41. La Cour estime que, dans les circonstances de l'espèce, le remboursement par l'Etat du montant de 5 856 RON saisi par le ministère en vertu de l'arrêt du 21 janvier 2004 de l'arrêt de la Haute Cour de cassation et de justice, actualisé avec le taux d'inflation à partir de la date de la saisie par les autorités de chaque montant mensuel jusqu'au remboursement de la somme au requérant, placerait autant que possible ce dernier dans une situation équivalant à celle où il se trouverait si les exigences de l'article 1 du Protocole no 1 n'avaient pas été méconnues.

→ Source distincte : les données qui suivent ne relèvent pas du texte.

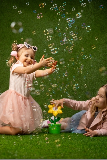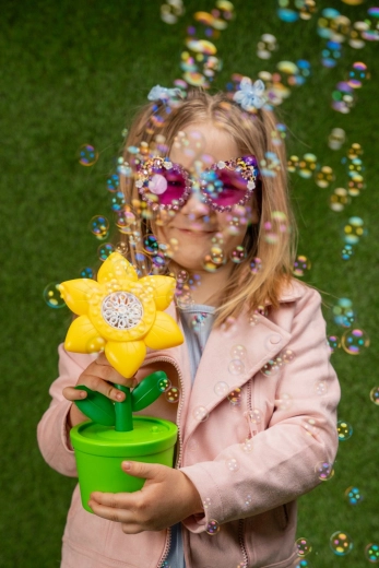 Diese Blumen-Seifenblasenmaschine macht aus jedem Garten-Nachmittag ein märchenhaftes Spektakel. Einfach die Lösung einfüllen, einschalten und im Handumdrehen entstehen Dutzende funkelnder Bläschen, die Kinder liebend gern fangen und jagen. Das kompakte Blumentopf-Design ist stabil und leicht zu transportieren.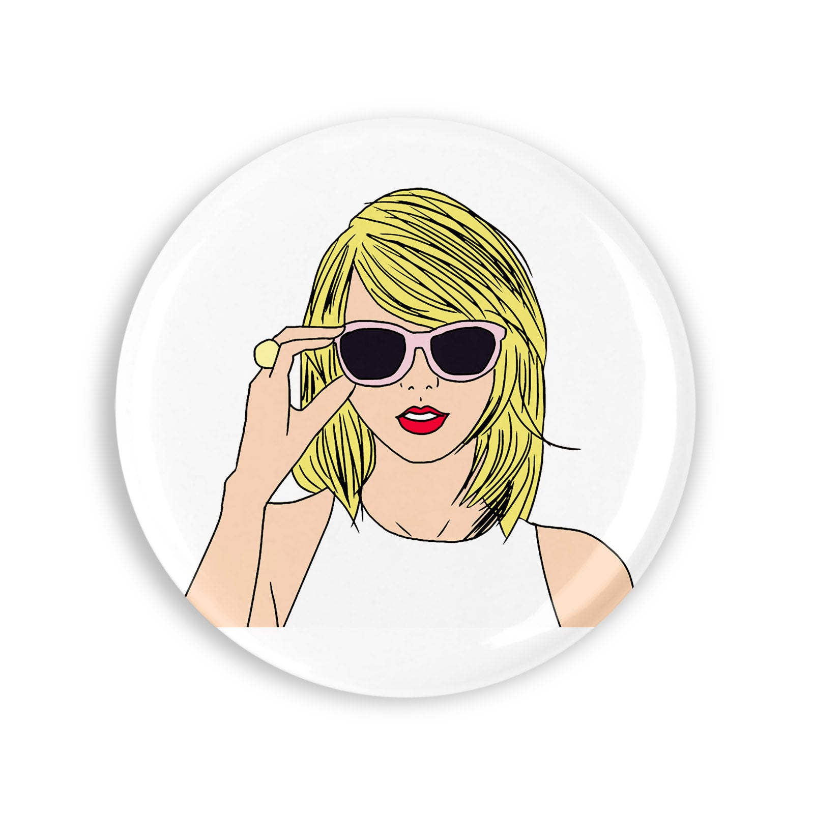 Set 4 insigne, Taylor Swift cu ochelari, NO3729, Metal, 44 mm, Multicolor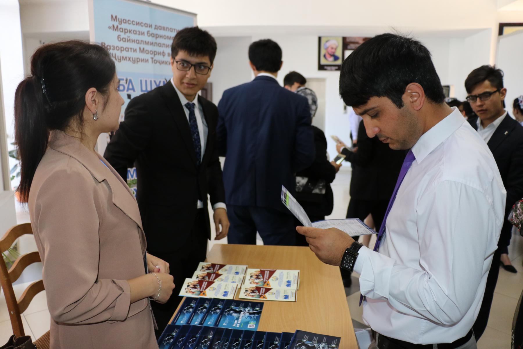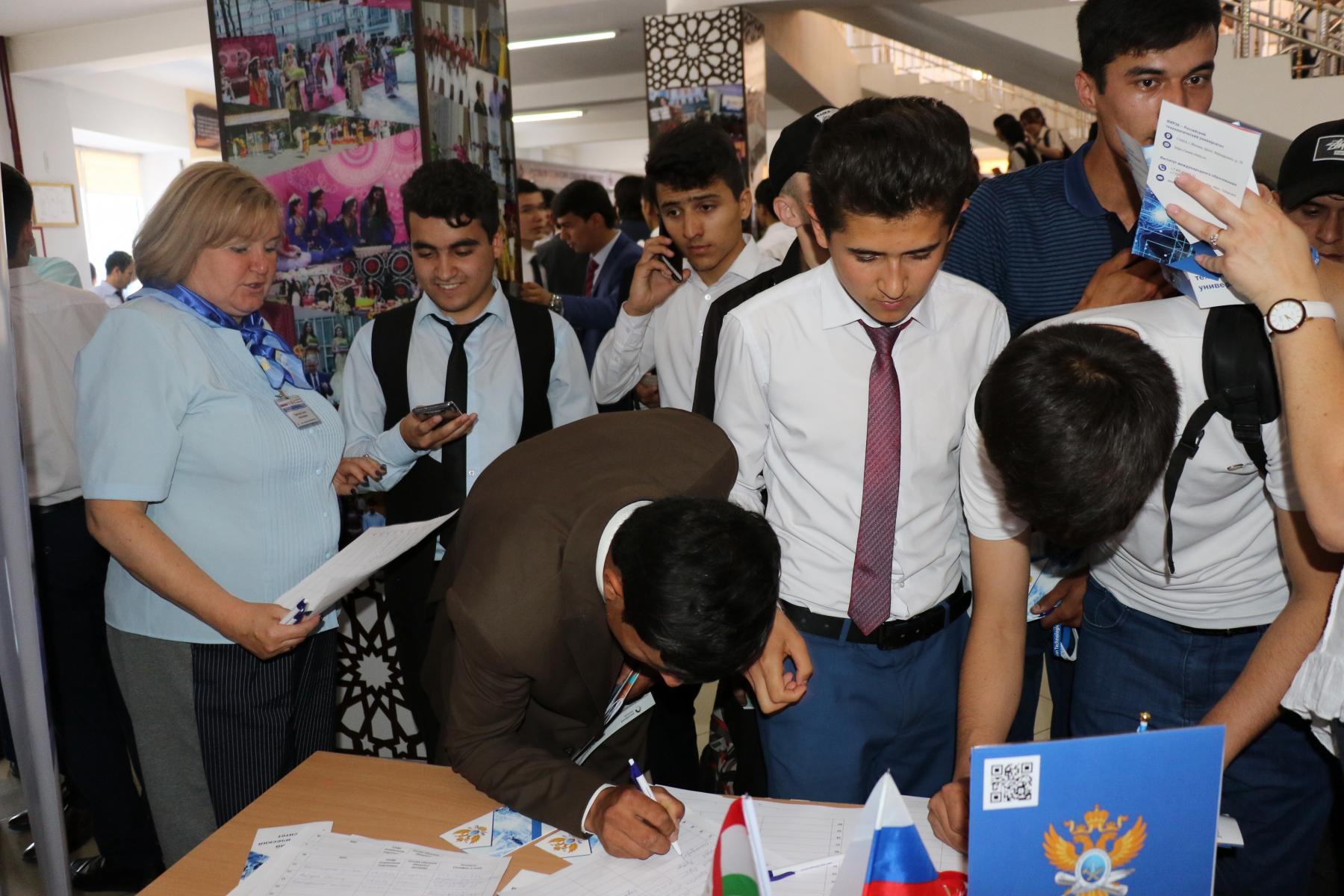 Сипас, дар саҳни донишгоҳ бо иштирокдорони намоишгоҳ-хонандагони муассисаҳои таҳсилоти умумӣ, довталабон ва волидайн мулоқоти намояндагони Вазорати маориф ва илм ва Маркази илм ва фарҳанги Россия “Россотрудничество” баргузор гардида, бо буридани лентаи рамзӣ иштирокдорон аз намоишгоҳ дидан карданд.

42. Par ailleurs, la Cour estime que le requérant a subi un tort moral indéniable du fait de sa condamnation à rembourser la somme litigieuse. Compte tenu des circonstances de la cause et statuant en équité comme le veut l'article 41, la Cour lui octroie à ce titre 1 000 EUR.
B. Frais et dépens
43. Le requérant demande également un montant qu'il ne chiffre pas pour les frais et dépens encourus, sans préciser ni justifier la nature de ces frais.

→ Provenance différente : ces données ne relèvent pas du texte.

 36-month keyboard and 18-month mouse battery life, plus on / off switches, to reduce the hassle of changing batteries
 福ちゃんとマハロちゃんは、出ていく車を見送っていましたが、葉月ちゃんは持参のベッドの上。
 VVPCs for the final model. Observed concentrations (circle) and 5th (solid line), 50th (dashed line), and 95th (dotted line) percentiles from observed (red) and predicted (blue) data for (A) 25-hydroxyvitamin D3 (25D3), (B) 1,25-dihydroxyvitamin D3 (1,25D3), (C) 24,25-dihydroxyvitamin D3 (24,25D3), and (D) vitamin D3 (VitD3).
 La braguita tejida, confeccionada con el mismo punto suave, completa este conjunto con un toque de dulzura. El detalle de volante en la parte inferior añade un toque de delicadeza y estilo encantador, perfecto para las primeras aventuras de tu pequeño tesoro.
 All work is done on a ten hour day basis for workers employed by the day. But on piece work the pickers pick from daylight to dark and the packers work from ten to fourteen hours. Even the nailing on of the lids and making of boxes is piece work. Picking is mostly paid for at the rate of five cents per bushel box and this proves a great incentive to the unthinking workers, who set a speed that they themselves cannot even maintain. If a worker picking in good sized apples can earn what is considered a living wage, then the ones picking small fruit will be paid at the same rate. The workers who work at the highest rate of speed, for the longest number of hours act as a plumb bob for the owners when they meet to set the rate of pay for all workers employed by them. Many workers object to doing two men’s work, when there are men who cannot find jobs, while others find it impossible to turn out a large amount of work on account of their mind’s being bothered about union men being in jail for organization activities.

44. Se référant à la jurisprudence de la Cour en la matière, le Gouvernement soutient que le requérant n'a pas justifié avoir encouru des dépens.
45. Selon la jurisprudence de la Cour, un requérant ne peut obtenir le remboursement de ses frais et dépens que dans la mesure où se trouvent établis leur réalité, leur nécessité et le caractère raisonnable de leur taux. En l'espèce, compte tenu du fait que le requérant n'a pas détaillé la nature des frais et dépens prétendument encourus et n'a fourni aucun justificatif, la Cour rejette sa demande à ce titre.
C. Intérêts moratoires
46. La Cour juge approprié de baser le taux des intérêts moratoires sur le taux d'intérêt de la facilité de prêt marginal de la Banque centrale européenne majoré de trois points de pourcentage.

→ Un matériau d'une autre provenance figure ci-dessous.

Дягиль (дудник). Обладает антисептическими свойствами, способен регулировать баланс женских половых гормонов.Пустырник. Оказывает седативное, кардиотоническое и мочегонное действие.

PAR CES MOTIFS, LA COUR, À L'UNANIMITÉ,
1. Déclare la requête recevable quant au grief tiré de l'article 1 du Protocole no 1, pris seul et combiné avec l'article 14 de la Convention, et irrecevable pour le surplus ;
2. Dit qu'il y a eu violation de l'article 1 du Protocole no 1 ;
3. Dit qu'il n'y a pas lieu d'examiner le grief tiré de l'article 14 de la Convention combiné avec l'article 1 du Protocole no 1 ;
4. Dit
a) que l'Etat défendeur doit verser au requérant, dans les trois mois à compter du jour où l'arrêt sera devenu définitif conformément à l'article 44 § 2 de la Convention, un montant de 5 856 RON (cinq mille huit cent cinquante six lei roumains), actualisé avec le taux d'inflation à partir de la date de la saisie par les autorités de chaque montant mensuel jusqu'au remboursement de la somme au requérant, pour dommage matériel, ainsi que 1 000 EUR (mille euros) pour dommage moral, plus tout montant pouvant être dû à titre d'impôt, à convertir en lei au taux applicable à la date du règlement ;
b) qu'à compter de l'expiration dudit délai et jusqu'au versement, ces montants seront à majorer d'un intérêt simple à un taux égal à celui de la facilité de prêt marginal de la Banque centrale européenne applicable pendant cette période, augmenté de trois points de pourcentage ;
5. Rejette la demande de satisfaction équitable pour le surplus.
Fait en français, puis communiqué par écrit le 13 décembre 2007 en application de l'article 77 §§ 2 et 3 du règlement.